= Aim of the task =
Below is a block of records; reproduce all of them exactly and leave out any pictures.
- - - - - - -
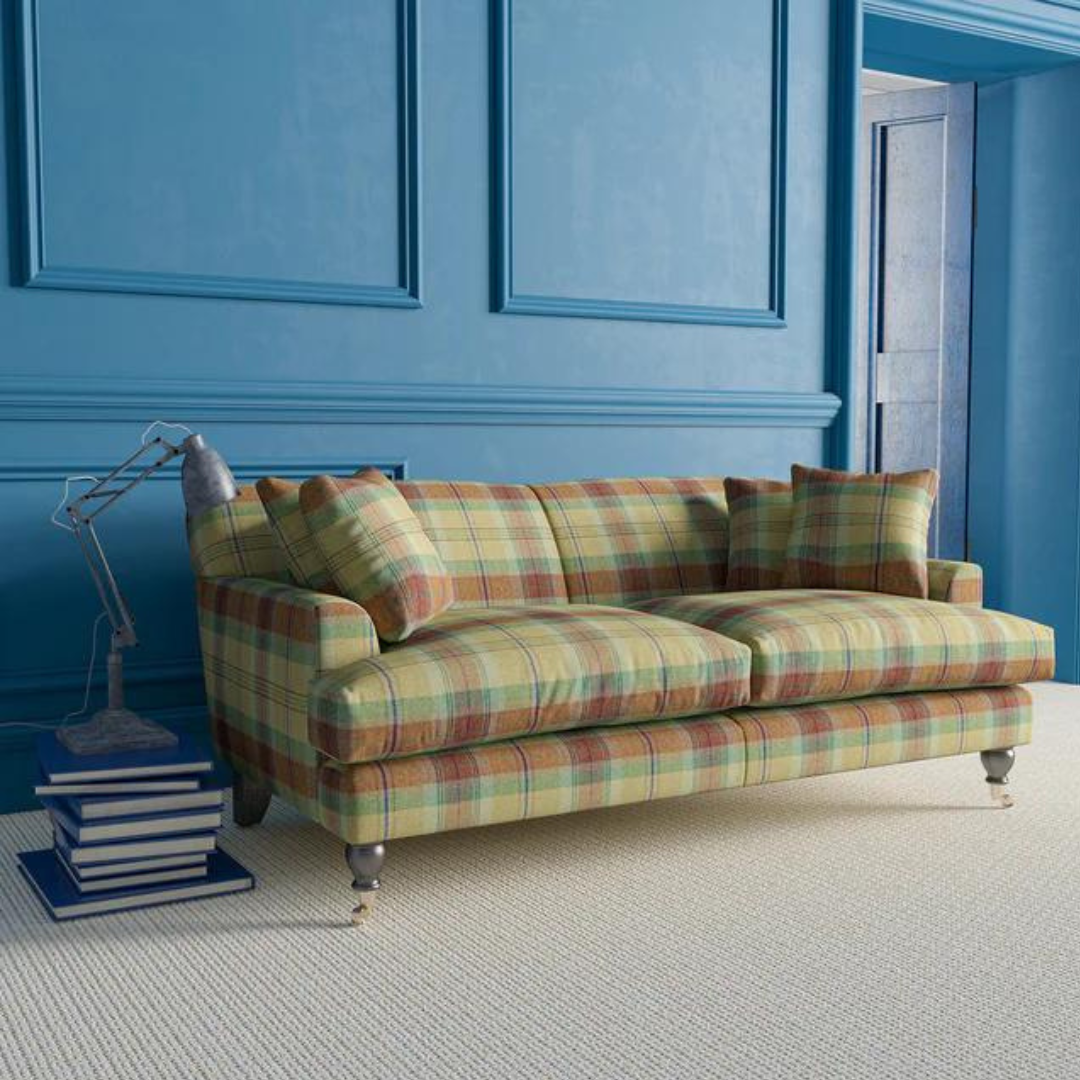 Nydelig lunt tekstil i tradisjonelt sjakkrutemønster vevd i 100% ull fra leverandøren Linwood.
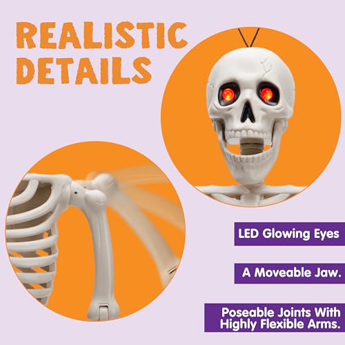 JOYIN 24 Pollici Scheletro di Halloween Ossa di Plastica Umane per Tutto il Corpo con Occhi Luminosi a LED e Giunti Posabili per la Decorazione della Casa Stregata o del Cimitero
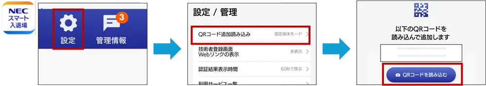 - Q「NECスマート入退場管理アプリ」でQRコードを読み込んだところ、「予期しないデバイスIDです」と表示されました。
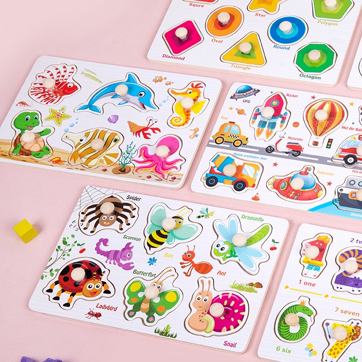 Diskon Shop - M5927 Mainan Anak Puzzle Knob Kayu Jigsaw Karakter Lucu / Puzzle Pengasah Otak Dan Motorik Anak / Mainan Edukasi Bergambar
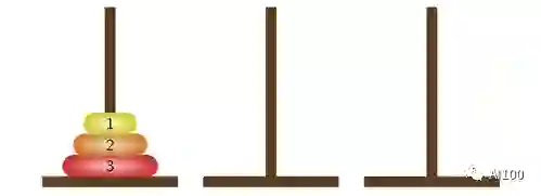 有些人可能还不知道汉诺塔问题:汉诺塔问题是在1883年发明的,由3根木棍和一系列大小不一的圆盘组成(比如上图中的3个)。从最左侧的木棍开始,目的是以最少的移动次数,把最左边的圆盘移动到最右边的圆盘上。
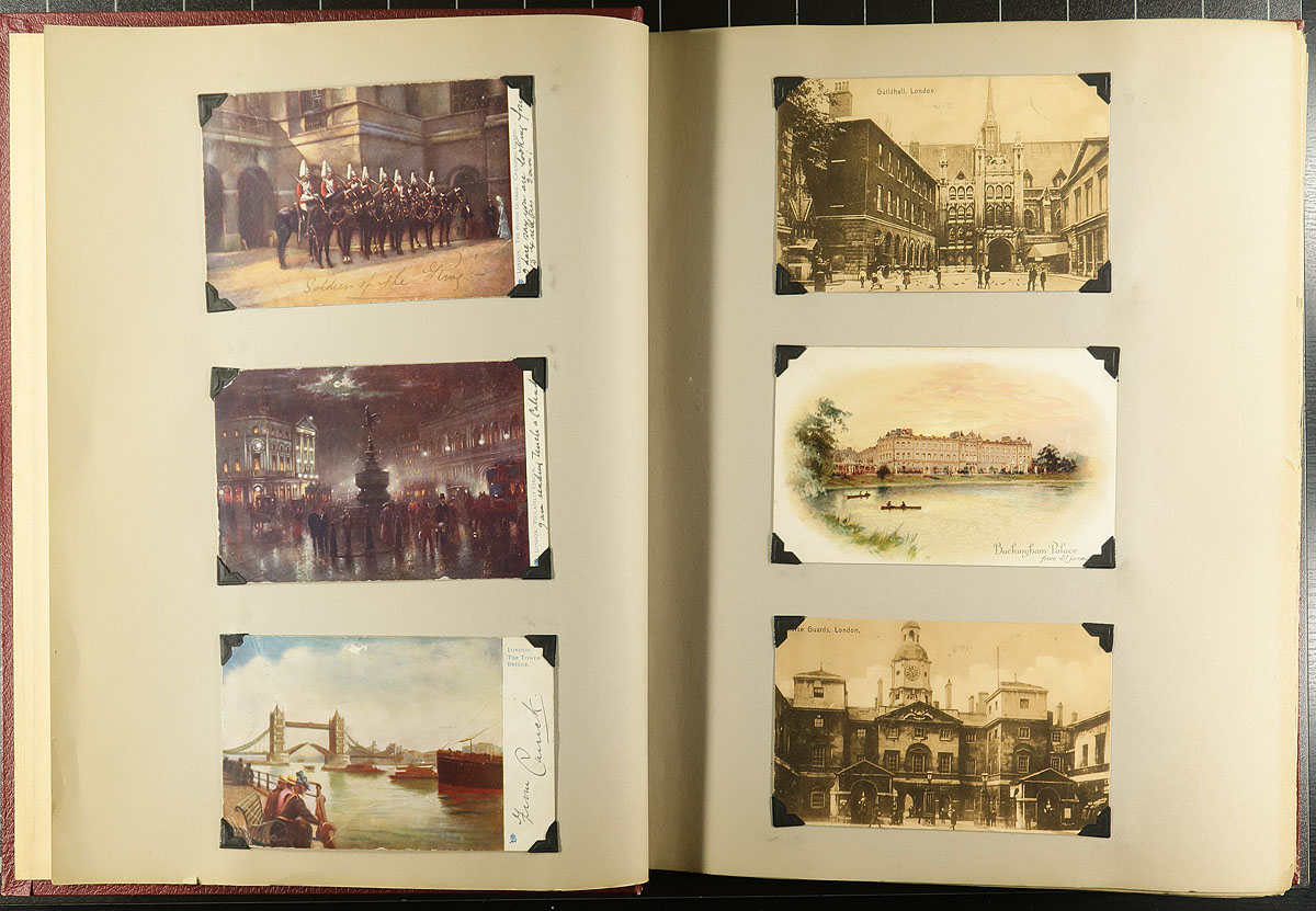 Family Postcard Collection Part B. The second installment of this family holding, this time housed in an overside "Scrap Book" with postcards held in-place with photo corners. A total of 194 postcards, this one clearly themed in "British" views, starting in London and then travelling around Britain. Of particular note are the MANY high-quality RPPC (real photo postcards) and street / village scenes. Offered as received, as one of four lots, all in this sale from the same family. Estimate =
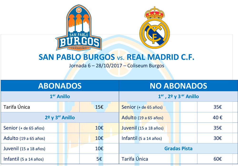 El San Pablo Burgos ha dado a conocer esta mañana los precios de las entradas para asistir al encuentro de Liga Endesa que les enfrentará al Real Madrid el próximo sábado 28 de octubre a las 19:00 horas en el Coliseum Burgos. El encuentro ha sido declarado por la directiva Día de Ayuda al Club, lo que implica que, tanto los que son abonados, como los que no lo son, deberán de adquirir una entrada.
- - - - - - -
= Response below =
 Nydelig lunt tekstil i tradisjonelt sjakkrutemønster vevd i 100% ull fra leverandøren Linwood.
 JOYIN 24 Pollici Scheletro di Halloween Ossa di Plastica Umane per Tutto il Corpo con Occhi Luminosi a LED e Giunti Posabili per la Decorazione della Casa Stregata o del Cimitero
 - Q「NECスマート入退場管理アプリ」でQRコードを読み込んだところ、「予期しないデバイスIDです」と表示されました。
 Diskon Shop - M5927 Mainan Anak Puzzle Knob Kayu Jigsaw Karakter Lucu / Puzzle Pengasah Otak Dan Motorik Anak / Mainan Edukasi Bergambar
 有些人可能还不知道汉诺塔问题:汉诺塔问题是在1883年发明的,由3根木棍和一系列大小不一的圆盘组成(比如上图中的3个)。从最左侧的木棍开始,目的是以最少的移动次数,把最左边的圆盘移动到最右边的圆盘上。
 Family Postcard Collection Part B. The second installment of this family holding, this time housed in an overside "Scrap Book" with postcards held in-place with photo corners. A total of 194 postcards, this one clearly themed in "British" views, starting in London and then travelling around Britain. Of particular note are the MANY high-quality RPPC (real photo postcards) and street / village scenes. Offered as received, as one of four lots, all in this sale from the same family. Estimate =
 El San Pablo Burgos ha dado a conocer esta mañana los precios de las entradas para asistir al encuentro de Liga Endesa que les enfrentará al Real Madrid el próximo sábado 28 de octubre a las 19:00 horas en el Coliseum Burgos. El encuentro ha sido declarado por la directiva Día de Ayuda al Club, lo que implica que, tanto los que son abonados, como los que no lo son, deberán de adquirir una entrada.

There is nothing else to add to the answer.